Mickelson found himself at the cusp of a rapidly changing Shanghai beer market, which in the past five years has shifted from being almost completely dominated by a few major domestic beverage companies, to become home to a slew of innovative microbreweries and a thriving import market for beers from the United States to Scotland.

China is the biggest consumer of beer, guzzling down about 25 percent of the total global supply, according to market researcher Plato Logic. Almost all this beer is lager — light, yellow, fizzy and brewed by beer giants, Snow Beer, Tsingtao, Harbin and Yanjing among others.

But in recent years, beer drinkers in Shanghai have suddenly been presented with a range of new options.

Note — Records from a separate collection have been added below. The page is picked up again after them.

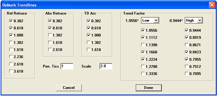 Enabled by subscription. Displays the DeMark Trendlines dialog: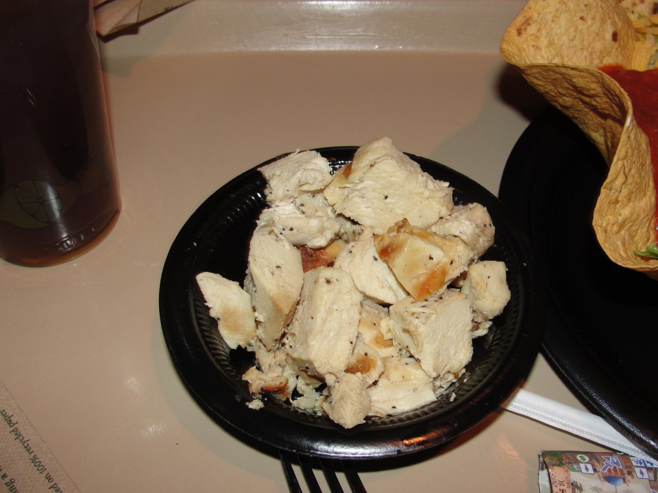 The salad looks surprisingly so good. The bowl was full of a mixture of lettuce with toppings of salsa, chopped tomatoes, red onions (which were removed right away), shredded cheese and sour cream. I was also so impressed with the amount of chicken that I received and how decent it actually looked. I mixed all of my bowl together but decided to keep the chicken on the side. I started eating the bowl mixture first because the chicken was quite warm. I was shocked to find the lettuce was extremely fresh, crisp and tasty. You would easily taste the varieties of lettuce that were included and they were all equally good.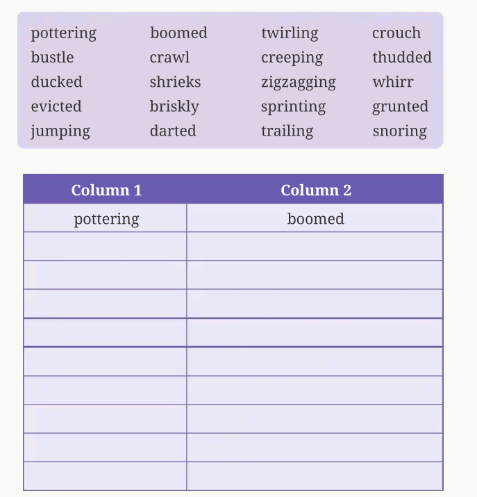 I. Classify the words given in the box into movement words in Column 1 and sound words in Column 2. Then fill in the blanks.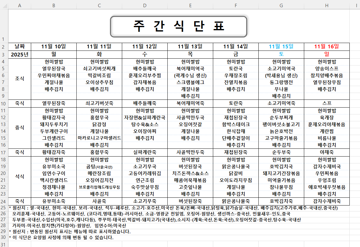 주간식단표 (2025.11.10 ~ 2025.11.16)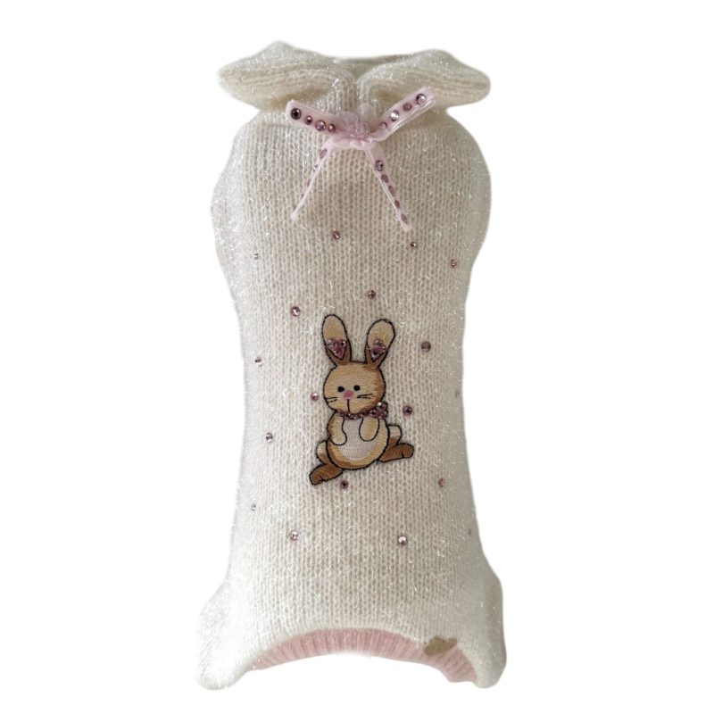 Tutina 4 zampe in lana lurex impreziosita da fiocchetto e coniglietto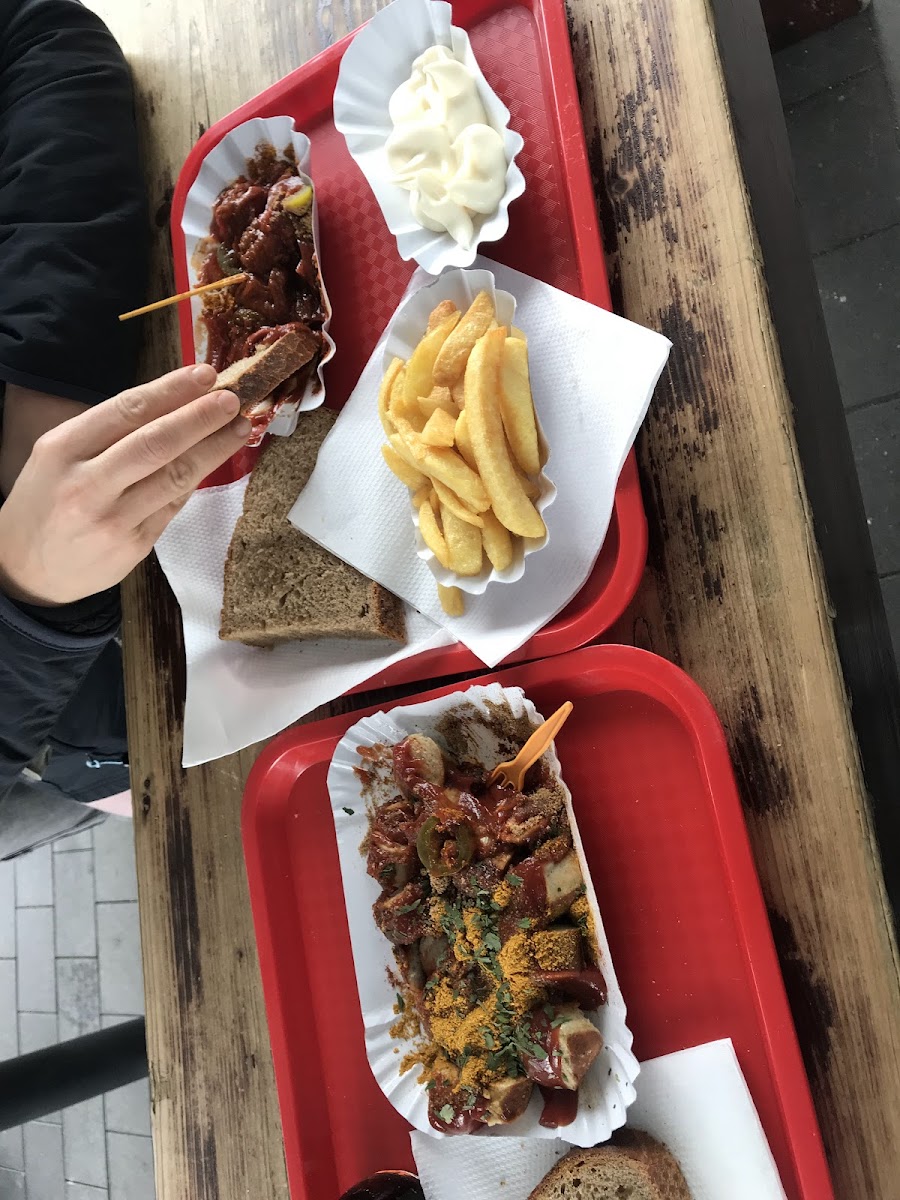 I always come here when I'm in Germany. It's one of the best Currywursts (and I lived in Berlin for a while) and definitely the best bread (there's at least one slice at a side with your order) you can get. What should you order: Snacker Combi Rindswurst Grade B or B+ Jambalaya Sauce Fries with Mayo and raw onions Spezi That's the GOAT!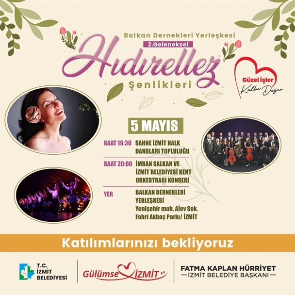 İzmit Belediyesi Kültür ve Sosyal İşler Müdürlüğü ile Balkan Dernekleri ortaklığıyla baharın müjdecisi ve doğanın uyanışının temsili olan “2. Geleneksel Hıdırellez Şenlikleri” bu yıl da büyük bir coşku ile kutlanacak. “2. Geleneksel Hıdırellez Şenlikleri”, 5 Mayıs Cuma günü saat 18.00’de Yenişehir Mahallesi Fahri Akbaş Parkı’nda İzmit Belediyesi Balkan Dernekleri Yerleşkesi’nde gerçekleşecek.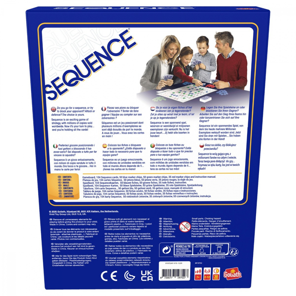 Descriere Continut: 1 tabla de joc, 104 carti Sequence, 50 de jetoane albastre, 50 de jetoane verzi, 35 de jetoane rosii, regulile jocului.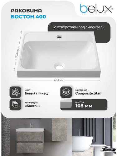 Раковина Бостон 400 белая, в ванную, на тумбу 40 см, искусственный мрамор
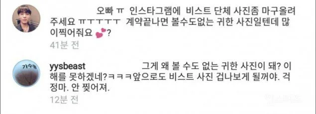 One B2UTY commented on Yoseob’s post saying, “Oppa, please upload a bunch of pictures of all of B2ST together on Instagram. If your contract ends they’ll become rare, hard to find photos, so please take a lot while you still can?”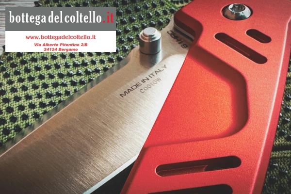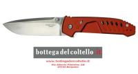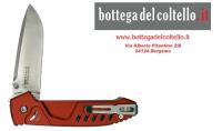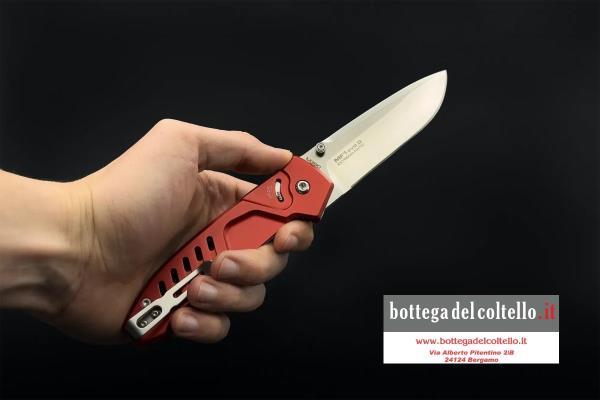 MF1 EVO D RED SATIN M390: con manico in colorazione Red e lama Drop satinata in acciaio Böhler M390 (61 HRC)
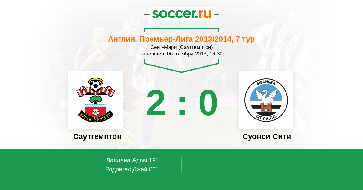 19' (1:0) Лаллана Адам (20) (Дэвис Стивен (8))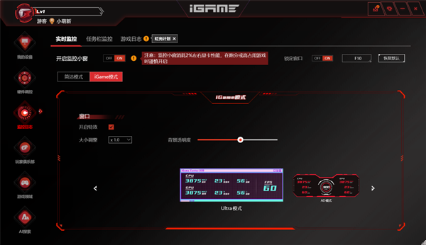 在硬件调控界面,可以控制全局的灯光表现效果。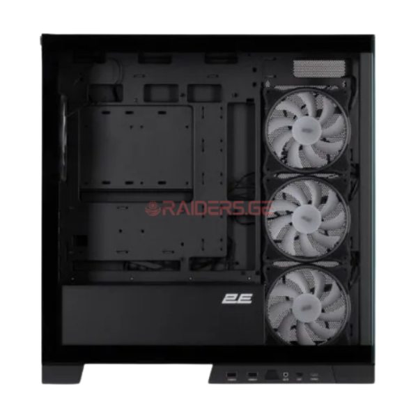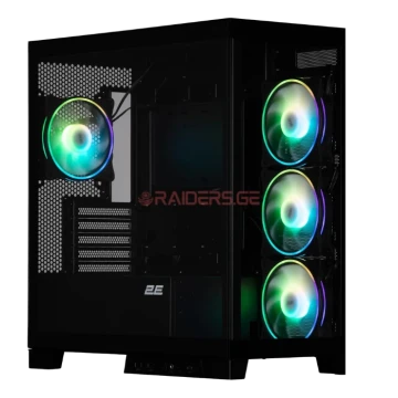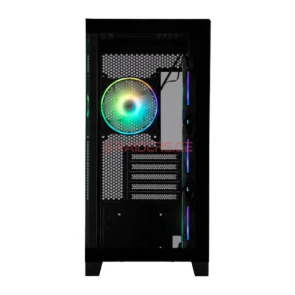 | 🧊 ჩაშენებული ფანები | შიდა პანელი: 3×120 მმ ARGB PWM • უკანა: 1×120 მმ ARGB 4-pin PWM (სულ 4 ცალი) |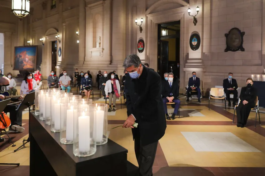 "Junto al Presidente Alberto Fernández homenajeamos a las y los fallecidos por Covid-19 en Argentina", contó el gobernador a través de sus redes sociales.

Drinkers can now enjoy a pint from The Brew, Boxing Cat Brewery, Dr Beer and Shanghai Brewery to name just a few.

Beer imports have also exploded. In 2009, 40,502 kiloliters of beer was imported into the country, last year that figure had grown to 182,271 kiloliters, according to the General Administration of Customs.

While the overall market percentage of these craft beers remains very small, the rate of their growth has been rapid, pointing to a huge thirst among Chinese drinkers, for new and exciting beverages.

"We were the first company to introduce craft beer to the China market," says Deane Lin, managing director of beer importer DXCEL.

"We started with four pallets in our first year, 2008. That translates to about a couple of hundred cartons. Six years on, we do 80 containers a year.

"Consumers are more and more eager to explore different types of beer from different countries." Despite the rapid growth, Lin says China "is in the very early stages when it comes to understanding beer."

Marketing and education, says Lin, is key. He says while there might be lots of fantastic beers available, if they are not correctly presented to the Chinese market they will struggle in the long term.